- Spirit Airlines canceled hundreds of flights this week in six straight days of disruptions.
- We talked to a Spirit customer service agent about what it’s been like working through the meltdown.
- She described dealing with crying customers and stranded crew members.
- See more stories on Insider’s business page.
When Spirit Airlines employees walked into work on Sunday, airports across the country were in utter chaos. Customers were screaming and crying, demanding to know why hundreds of flights were being canceled. Part of the problem: most staff had no idea either.
“We were not aware why the flights started canceling,” one Spirit employee who works in customer service told Insider. “It was one after the other. I had an anxiety attack, thinking maybe something like 9/11 was happening.”
More than 1,000 Spirit Airlines flights were canceled this week in an epic meltdown caused by a poorly timed combination of bad weather, system outages, and staffing issues.
The low-cost carrier canceled 260 flights on Friday and 402 flights on Thursday, marking six straight days of disruptions despite Spirit’s reassurance that cancellations would start falling.
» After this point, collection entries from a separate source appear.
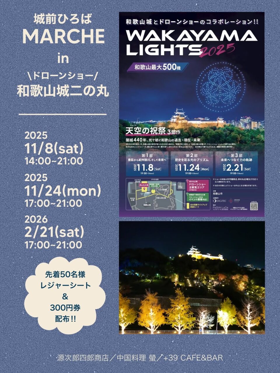1 WAKAYAMA LIGHTS 20251.1 昨年を超える500機のドローン1.2 日時2 「~光の回廊~」も特別バージョンに3 城前ひろばマルシェもお楽しみに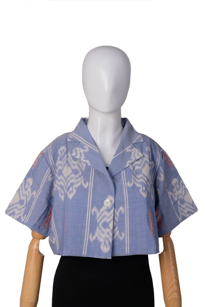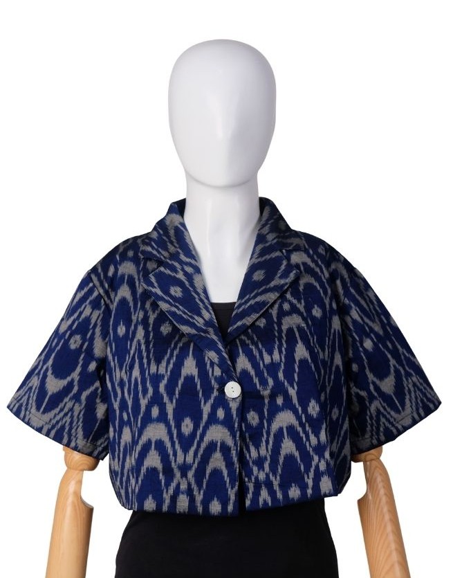 Blazer Jas Crop Endek Klasik Blue(All Size)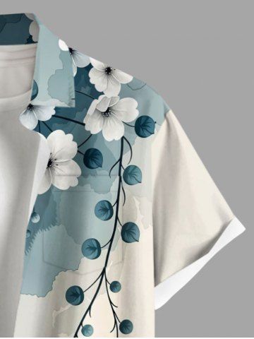Chemise à Manches Courts> Chemise Décontractée Imprimé Branche Floral à L'Encre avec Poche Grande Taille pour Homme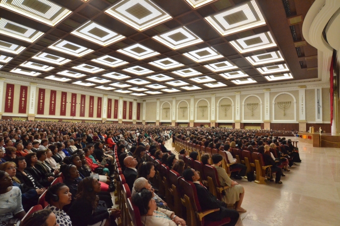 Já no Templo, os quase 10 mil convidados aguardavam o momento oficial do pronunciamento do bispo Edir Macedo, líder e fundador da Universal, que esteve à frente da cerimônia inaugural.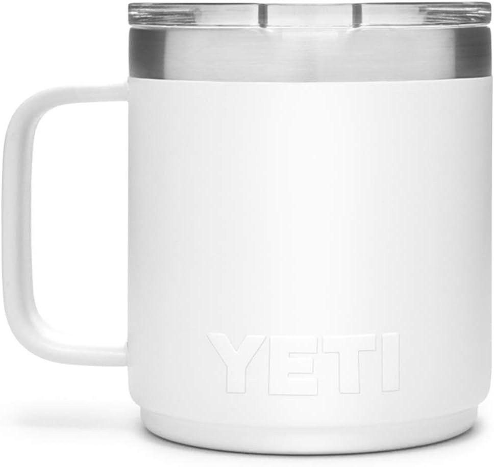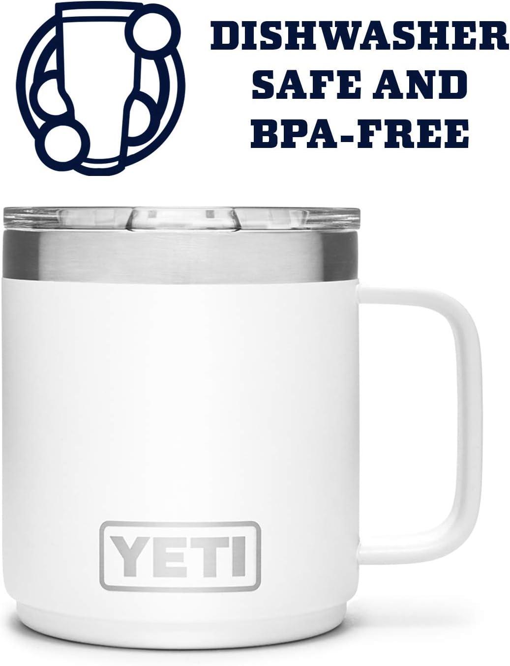 The YETI 10 oz. Rambler Mug stands 4 inches high and has a lip diameter of 3.5 inches, and with the handle its almost 5 inches’ wide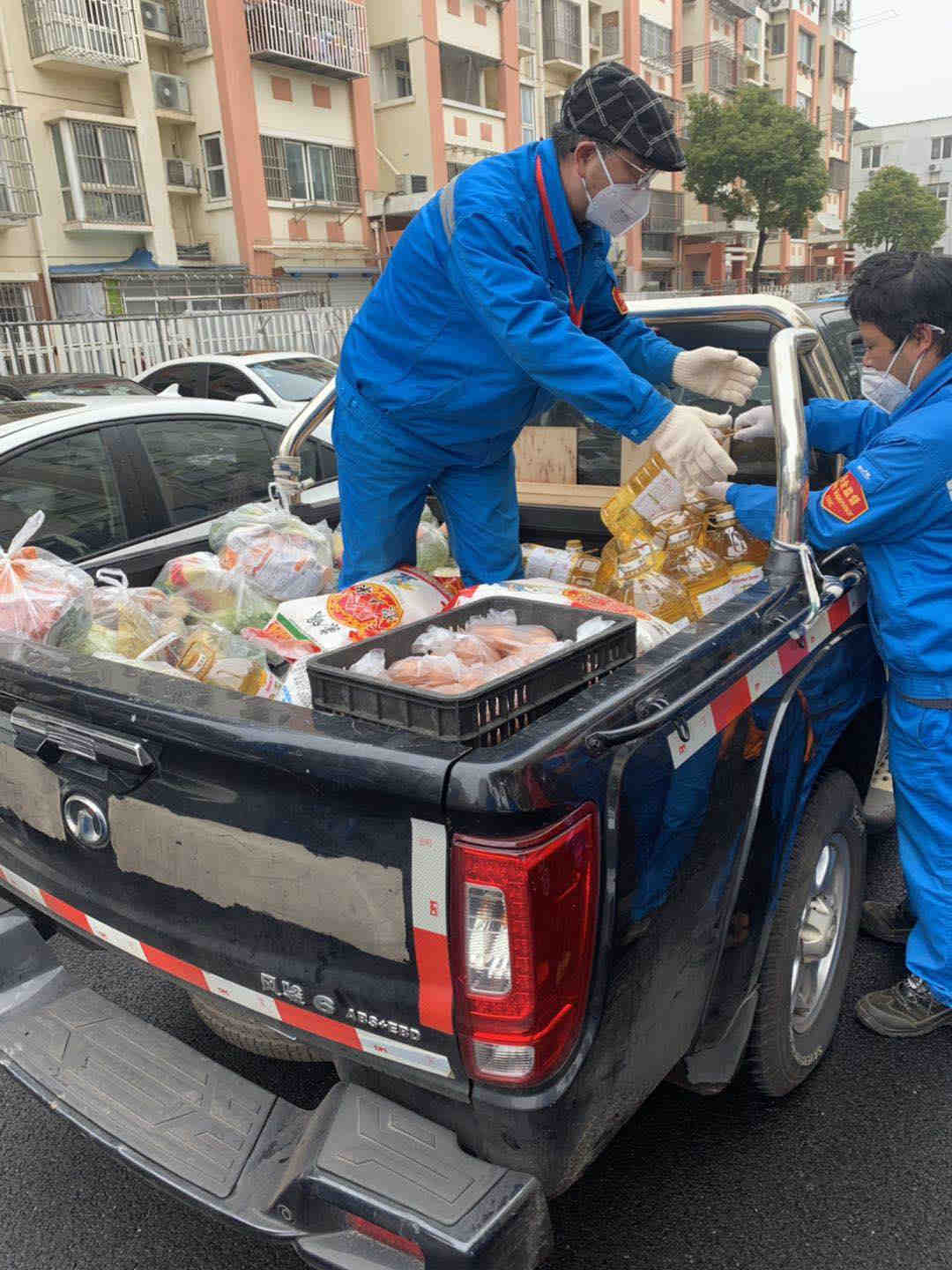 此外,長興家園社區也活躍著一批江南藍衣裝備的“超人”,耀眼的藍色工作服,加鮮艷的紅色志愿者馬甲,他們便是服務于社區的江南船廠志愿者。志愿者的工作瑣碎而辛苦,小區的每一個角落,幾乎都留下了他們奔波的足跡。他們戴著口罩,輾轉、搬運、爬樓,直至將物資送到居家觀察員工的家門口,并叮囑該員工在微信群內簽收反饋……他們每天至少步行4萬步,肩扛手抬,將溫暖送到每個江南員工身邊。志愿者們的工作已從2月10日一直持續到現在。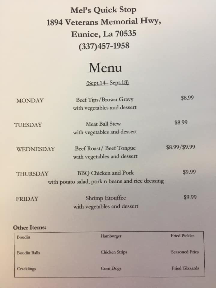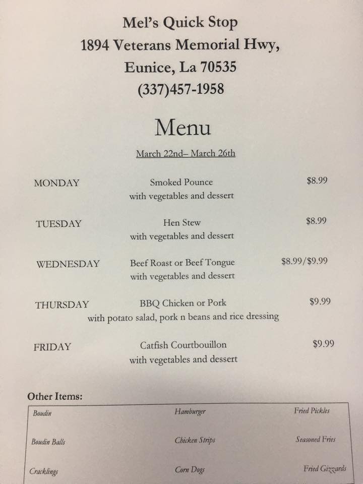 Mel's is NOT a restaurant. This place is a convenient store that offers fresh meat, boudin, cracklins, groceries, gasoline, and meals to go.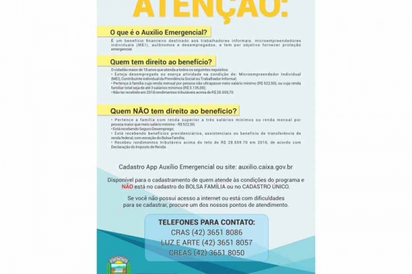 A Secretaria Municipal de Assistência Social auxiliará as pessoas que queiram o Auxílio Emergencial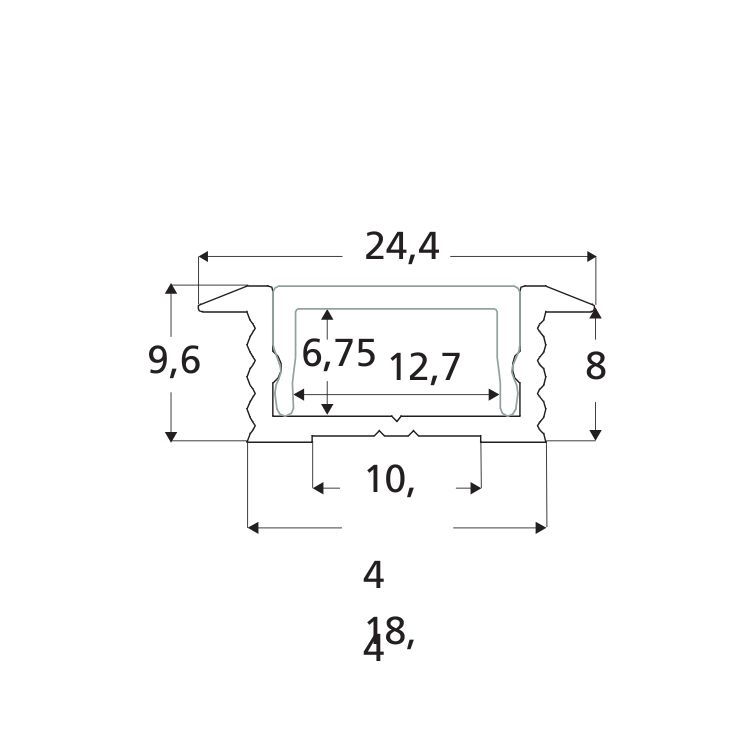 Profilo led in alluminio anodizzato per incasso con diffusore in policarbonato opale. Adatto a strisce LED fino a 20 W/m e 12mm di larghezza.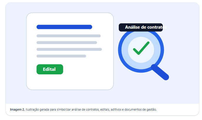 Imagem 2. Ilustração gerada para simbolizar análise de contratos, editais, aditivos e documentos de gestão.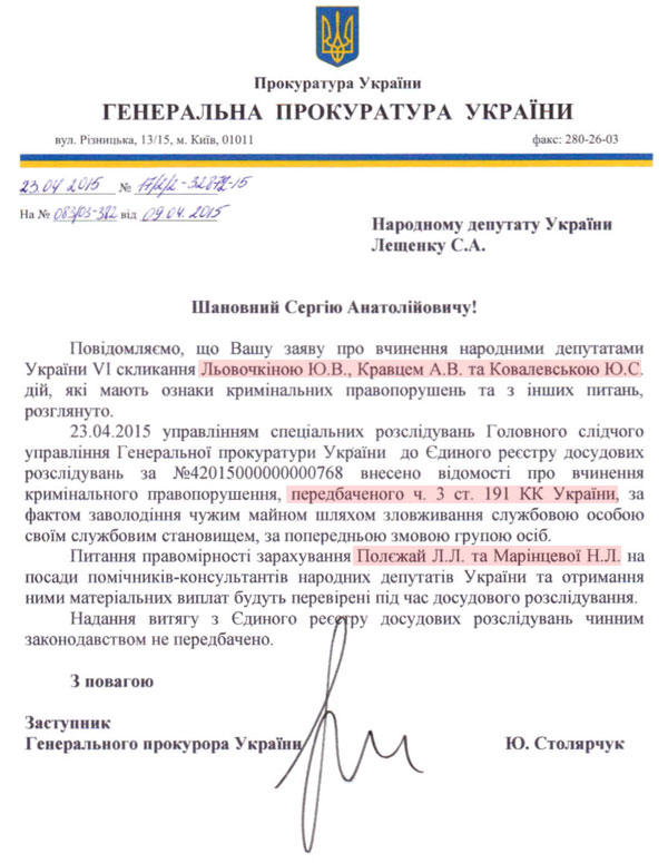 "Тепер трьом депутатам, які взяли на посади штатних помічників цих "фіктивних" працівниць, надали їм державне забезпечення, інкримінують злочини за статтею "розтрата майна шляхом зловживання службовим становищем", - повідомляє Лещенко з посиланням на відповідь з прокуратури.

The Spirit staffer – one of almost 9,000 Spirit employees – requested anonymity to speak freely about the situation, though her identity is known to Insider. She has worked for the airline for seven years and said she stays at the company for its flight discounts, which allow her to visit her son in the military who’s stationed abroad.
“I’m exhausted,” she said, adding that some Spirit workers felt like they couldn’t take breaks or take time to eat lunch, despite working long hours.
She said customers and workers alike could be seen crying throughout the airport. Stranded crew members and passengers whose flights were canceled slept on the floor and on benches. The international flight zone transformed into a temporary rebooking area, as the terminal overflowed with people waiting in lines for hours on end.
The customer service agent said most passengers were extremely frustrated, and that some became aggressive. The most difficult part for her, she said, was not being able to help groups with infants or elderly family members. At one point, she spent four hours trying to help a group after the company’s rebooking system crashed. When she finally got the information she needed from her supervisor, the family was nowhere to be found.
-TWU (@transportworker) August 5, 2021
“There’s definitely some angry people,” Spirit CEO Ted Christie said Thursday, according to CNBC. “Right now, all I can say is we’re very sorry for what happened.”
During the peak of the meltdown, Spirit Airlines announced that employee shifts would require “mandatory overtime due to irregular operations,” according to the Spirit staffer, who also provided a copy of a company flyer announcing the policy. She said this led her and other employees to work until 3 a.m. one day, and that some junior staffers worked shifts as long as 15 hours on Sunday.
She said many employees felt trapped in mandatory overtime and thought that if they left, they might lose their job. According to the Spirit staffer, this fear stemmed from the airline’s attendance policy regulated by the “Team Member Dependability Program,” an 11-point system that keeps track of missed shifts or tardiness.
The policy dings employees with points for planned absences, unplanned absences, no-shows, and late arrivals, according to a copy of the program obtained by Insider. Once a staff member accrues 11 points, they can be fired.
A Spirit spokesperson did not respond to Insider’s request for comment.
Spirit COO John Bendoraitis sent the airline’s operations team an email about the cancellations roughly 12 hours after they began.
“Our scheduling disruption this weekend stems from weather and ATC delays that added up over the past week, taking a toll on our crew availability. I own this, and we have a plan,” the internal email read. “Right now, all hands are on deck working around the clock to solve the network disruption. We will not stop until we are successful.”
The Transport Workers Union of America said in a statement on Thursday that Spirit Airlines executives have “shown little concern for the safety and mental well-being of their frontline agents at FLL, who have been attacked and even spat on – just for doing their job.”